=== What to do ===
Repeat the lines below exactly as they appear, but leave out the images.

=== Input data ===
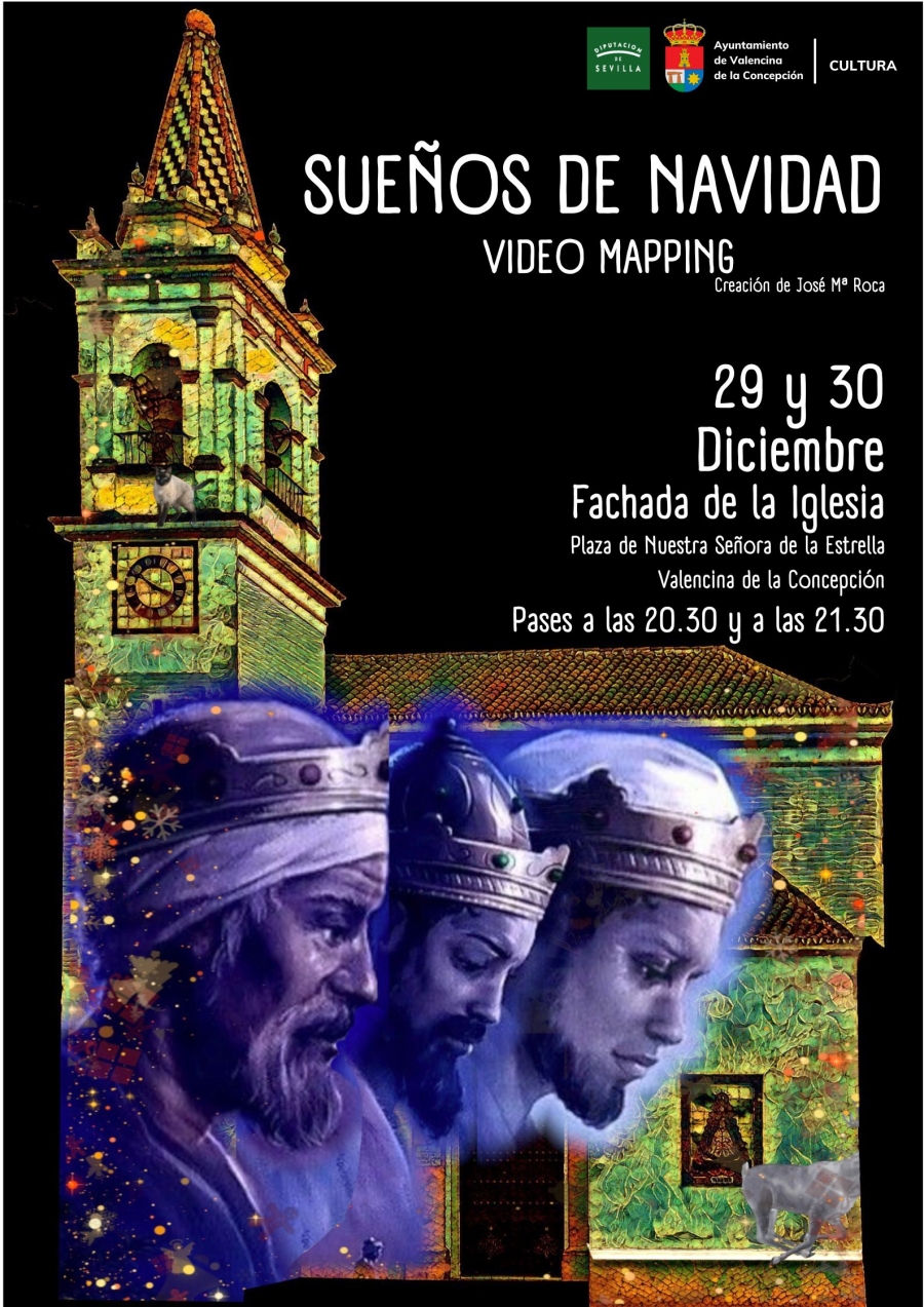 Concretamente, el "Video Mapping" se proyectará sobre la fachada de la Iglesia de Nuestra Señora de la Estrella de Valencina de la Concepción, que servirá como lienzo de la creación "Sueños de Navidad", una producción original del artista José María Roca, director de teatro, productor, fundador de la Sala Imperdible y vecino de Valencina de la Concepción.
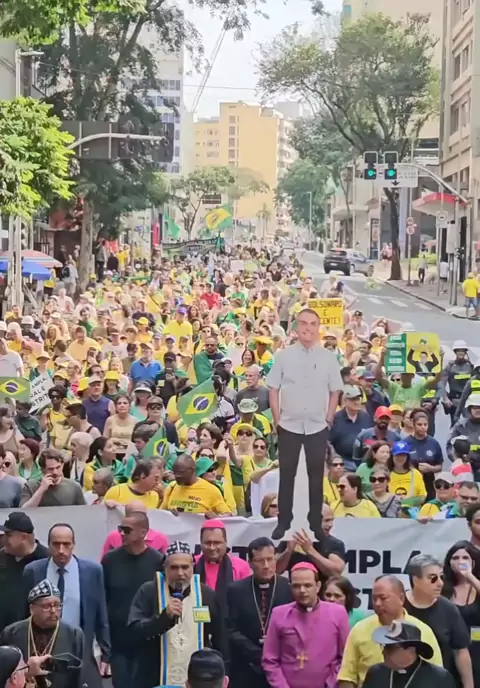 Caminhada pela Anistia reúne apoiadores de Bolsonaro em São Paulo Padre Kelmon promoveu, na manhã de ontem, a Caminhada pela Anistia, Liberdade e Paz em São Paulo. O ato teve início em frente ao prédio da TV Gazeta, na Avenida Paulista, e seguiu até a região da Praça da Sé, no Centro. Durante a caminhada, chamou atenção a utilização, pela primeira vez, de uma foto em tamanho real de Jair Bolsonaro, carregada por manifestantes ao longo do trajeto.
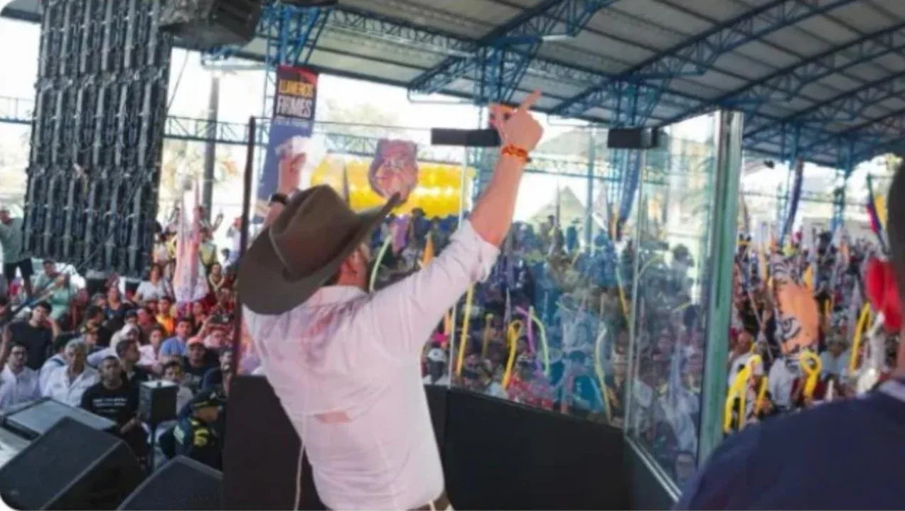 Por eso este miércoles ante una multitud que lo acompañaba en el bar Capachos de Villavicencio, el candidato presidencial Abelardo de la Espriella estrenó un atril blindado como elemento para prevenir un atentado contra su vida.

=== Response to this exercise ===
 Concretamente, el "Video Mapping" se proyectará sobre la fachada de la Iglesia de Nuestra Señora de la Estrella de Valencina de la Concepción, que servirá como lienzo de la creación "Sueños de Navidad", una producción original del artista José María Roca, director de teatro, productor, fundador de la Sala Imperdible y vecino de Valencina de la Concepción.
 Caminhada pela Anistia reúne apoiadores de Bolsonaro em São Paulo Padre Kelmon promoveu, na manhã de ontem, a Caminhada pela Anistia, Liberdade e Paz em São Paulo. O ato teve início em frente ao prédio da TV Gazeta, na Avenida Paulista, e seguiu até a região da Praça da Sé, no Centro. Durante a caminhada, chamou atenção a utilização, pela primeira vez, de uma foto em tamanho real de Jair Bolsonaro, carregada por manifestantes ao longo do trajeto.
 Por eso este miércoles ante una multitud que lo acompañaba en el bar Capachos de Villavicencio, el candidato presidencial Abelardo de la Espriella estrenó un atril blindado como elemento para prevenir un atentado contra su vida.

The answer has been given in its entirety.